The spies were generally... well, operationally challenged. But there were three of them and they were replaceable.
 
There's some suggestions about using Contacts for proxies, creating new NPCs that slowly populate the world with recognisable faces.
There's no reason a player can't control an NPC working in the interests of his PC.
 
(As a joke he said he has three monkeys. The spies ended up being lowly nobodies no one pays attention to, as they were a blind spy, a deaf forger and a mute assassin respectively. )
 
(There is generally an unstated expectation in HoB, though, that if no PCs are in a scene, it'll get narrated quickly and move on to the next bit with your own characters.)
> Where House of Bards differs from those familiar games is in a focus on drama and conflict rather than procedure and challenge. The focus of the game takes the player characters and puts them up against other characters (including each other), instead of focusing primarily on working together against external forces.
 
How is group cohesion maintained in that game?
I wouldn't want my players to start offing competition with themselves.
 
What group cohesion? It's about conflicting with other PCs.
> The traditional structure of RPGs, from its roots in D&D, is that the players usually all work together on the same side, save for the occasional disagreement about how to split the loot or doppelganger infiltration.
A game like House of Bards, however, follows a more dramatic structure. Instead of the action being driven by external threats, the player characters are put at various cross-purposes and thrown into conflict with one another, driving the action.

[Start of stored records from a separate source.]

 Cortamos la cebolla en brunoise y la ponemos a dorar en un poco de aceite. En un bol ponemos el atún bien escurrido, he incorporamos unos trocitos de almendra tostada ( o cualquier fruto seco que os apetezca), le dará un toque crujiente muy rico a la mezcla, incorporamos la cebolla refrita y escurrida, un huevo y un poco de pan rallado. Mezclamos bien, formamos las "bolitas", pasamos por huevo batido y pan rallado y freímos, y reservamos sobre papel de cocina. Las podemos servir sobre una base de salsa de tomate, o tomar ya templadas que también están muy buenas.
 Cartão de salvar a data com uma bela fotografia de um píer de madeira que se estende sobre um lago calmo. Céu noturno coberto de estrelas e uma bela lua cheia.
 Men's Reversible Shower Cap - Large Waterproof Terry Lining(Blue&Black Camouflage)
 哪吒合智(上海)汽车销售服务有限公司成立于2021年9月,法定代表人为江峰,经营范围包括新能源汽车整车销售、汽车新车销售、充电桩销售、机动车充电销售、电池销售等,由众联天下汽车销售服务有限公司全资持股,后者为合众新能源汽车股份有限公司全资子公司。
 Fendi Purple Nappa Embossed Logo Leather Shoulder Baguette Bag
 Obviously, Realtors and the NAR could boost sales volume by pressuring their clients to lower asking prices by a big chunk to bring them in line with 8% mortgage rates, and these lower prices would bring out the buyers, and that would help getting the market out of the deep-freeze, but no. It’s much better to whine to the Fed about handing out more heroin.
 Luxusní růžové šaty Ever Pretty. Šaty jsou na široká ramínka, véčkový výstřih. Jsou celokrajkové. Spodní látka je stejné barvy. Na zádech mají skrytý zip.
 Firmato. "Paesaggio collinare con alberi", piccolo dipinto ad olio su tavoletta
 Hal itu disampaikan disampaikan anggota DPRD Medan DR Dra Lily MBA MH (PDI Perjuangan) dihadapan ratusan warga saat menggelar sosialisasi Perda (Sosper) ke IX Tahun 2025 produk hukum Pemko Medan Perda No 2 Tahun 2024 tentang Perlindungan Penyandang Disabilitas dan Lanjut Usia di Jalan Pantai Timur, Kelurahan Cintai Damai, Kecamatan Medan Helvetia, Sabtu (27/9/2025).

When temporarily allying, or even when part of the same organization working cross-purposes, different goals and drivers push tensi
There's some good advice about how to handle this in Fate, and keeping the IRL group cool while the PCs are at each others' throats.
 
3:07 PM
They might plot against each other, but I want them to primarily plot against non-player opposition.
E.g. They might have different ideas who should become the next Court Chaplain, but all should desire/benefit from the untimely demise of the current one.
 
Well, take a look at any rate.
 
I most certainly will.
 
I think there's a lot of useful stuff.
And, yanno. Free.
 
Isn't there an obligatory fee of not-zero dollars?
 
Nope.
 
3:10 PM
cool
Though if it works I'd happily send these guys some money.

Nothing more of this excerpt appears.